*Extracted information*:
------------------------------------------------------------------------

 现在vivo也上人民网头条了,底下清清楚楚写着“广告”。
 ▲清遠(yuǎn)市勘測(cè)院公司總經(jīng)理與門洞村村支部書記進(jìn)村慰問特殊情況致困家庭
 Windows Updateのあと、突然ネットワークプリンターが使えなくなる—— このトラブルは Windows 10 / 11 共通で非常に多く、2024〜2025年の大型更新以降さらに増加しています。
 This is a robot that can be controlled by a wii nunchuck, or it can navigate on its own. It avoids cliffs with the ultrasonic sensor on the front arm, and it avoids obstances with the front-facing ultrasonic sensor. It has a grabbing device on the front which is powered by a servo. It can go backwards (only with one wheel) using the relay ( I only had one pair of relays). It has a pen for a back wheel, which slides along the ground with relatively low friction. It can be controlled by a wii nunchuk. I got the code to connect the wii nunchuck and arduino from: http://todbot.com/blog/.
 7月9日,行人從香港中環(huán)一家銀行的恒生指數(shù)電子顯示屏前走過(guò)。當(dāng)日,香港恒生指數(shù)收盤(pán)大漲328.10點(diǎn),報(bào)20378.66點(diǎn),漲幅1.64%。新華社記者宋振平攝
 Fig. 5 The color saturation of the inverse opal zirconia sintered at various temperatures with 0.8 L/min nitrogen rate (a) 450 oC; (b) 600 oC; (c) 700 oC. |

------------------------------------------------------------------------

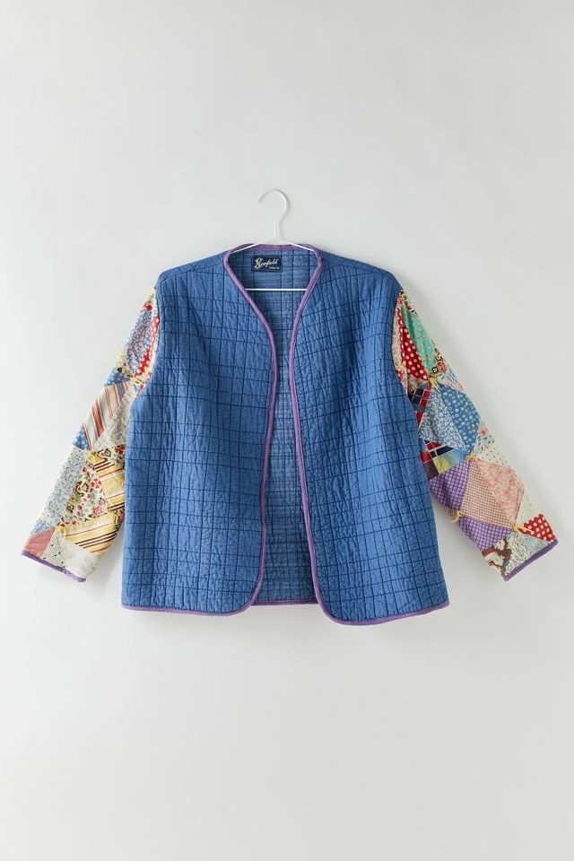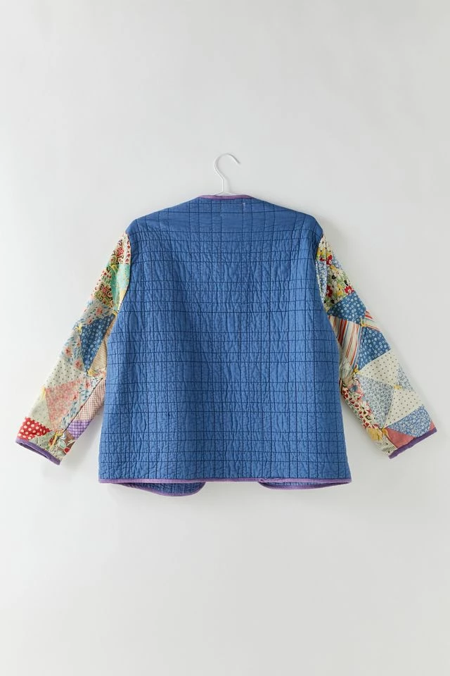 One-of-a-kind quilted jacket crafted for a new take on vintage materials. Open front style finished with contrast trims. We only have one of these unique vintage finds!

------------------------------------------------------------------------

*What is required*:
Only the lines above from the line with "7月9日,行人從香港中環(h" to the line with "Fig. 5 The color", those two lines included, should be reproduced exactly.

*Answer section*:
 7月9日,行人從香港中環(huán)一家銀行的恒生指數(shù)電子顯示屏前走過(guò)。當(dāng)日,香港恒生指數(shù)收盤(pán)大漲328.10點(diǎn),報(bào)20378.66點(diǎn),漲幅1.64%。新華社記者宋振平攝
 Fig. 5 The color saturation of the inverse opal zirconia sintered at various temperatures with 0.8 L/min nitrogen rate (a) 450 oC; (b) 600 oC; (c) 700 oC. |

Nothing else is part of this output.